Abstract number: P0065

Hassenpflug^* W., Rischewski^* J., Hellwege† H. H., Zander‡ A. R., Schneppenheim^* R.

‡Department of Bone Marrow Transplantation †Intensive Care Unit; ^*University Children's Hospital, Hamburg, Germany;

Introduction  

Recombinant factor VIIa (rFVIIa) is an effective treatment for hemophilic patients with inhibitors. Besides this well recognized therapy rFVIIa is used to control bleedings caused by a variety of diseases like thrombocytopathies, liver disease, during liver transplantation or cardiac surgery.
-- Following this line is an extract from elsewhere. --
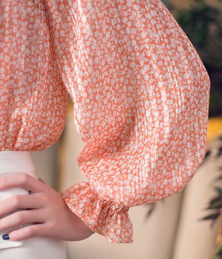 印象的な花柄ブラウスで、あなたのコーディネートを彩りませんか?華やかさと清楚さを兼ね備えたデザインは、カジュアルな着こなしからデートまで様々なシーンで活躍します。ボリュームのある袖と可愛らしいリボンです。

In contrast to rising experience obtained by ongoing clinical trials in adults, poor data exit for the use of rFVIIa in acquired coagulopathies in childhood.

Patients  

We report on six children, 1 month to 13 years old, with severe bleeding episodes treated by recombinant factor VIIa. Two patients underwent bone marrow transplantation for SCID, lymphoma leukemia and neuroblastoma respectively. In one patient diagnosis was hemophagocytic lymphohistiocytosis, two patients suffered from severe liver insufficiency and received liver transplantation and one patient had a transposition of the great arteries to be corrected by heart surgery. Manifestation of bleeding included mucosal/gastrointestinal bleeding, intra-abdominal bleeding intracerebral hemorrhage and pulmonary bleeding. Recombinant factor VIIa was used as bolus therapy. Dose regimen was calculated individually with doses of 60–180 µg kg^-1 bw every 2–12 h. We monitored the response to the therapy by a simple bleeding score, an estimation of blood loss and by coagulation tests.

Results  

In all patients, bleeding symptoms could be markedly reduced or stopped by application of rFVIIa. The bleeding score and coagulation tests normalized. In one patient with thrombocytopenia (13 nL^-1) mucosal bleeding did not stop after rFVIIa but resolved after transfusion of a platelet concentrate and local application of fibrin glue. No adverse effects were observed, especially no thrombembolic complications. Nevertheless five of the nine patients died for underlying disease.

Conclusion  

The use of recombinant factor VIIa may be a valuable therapeutic option in children with severe acquired coagulopathies since it provides a good hemostatic efficacy and probably few adverse side-effects. A minimal platelet count seems to be necessary for its mode of action.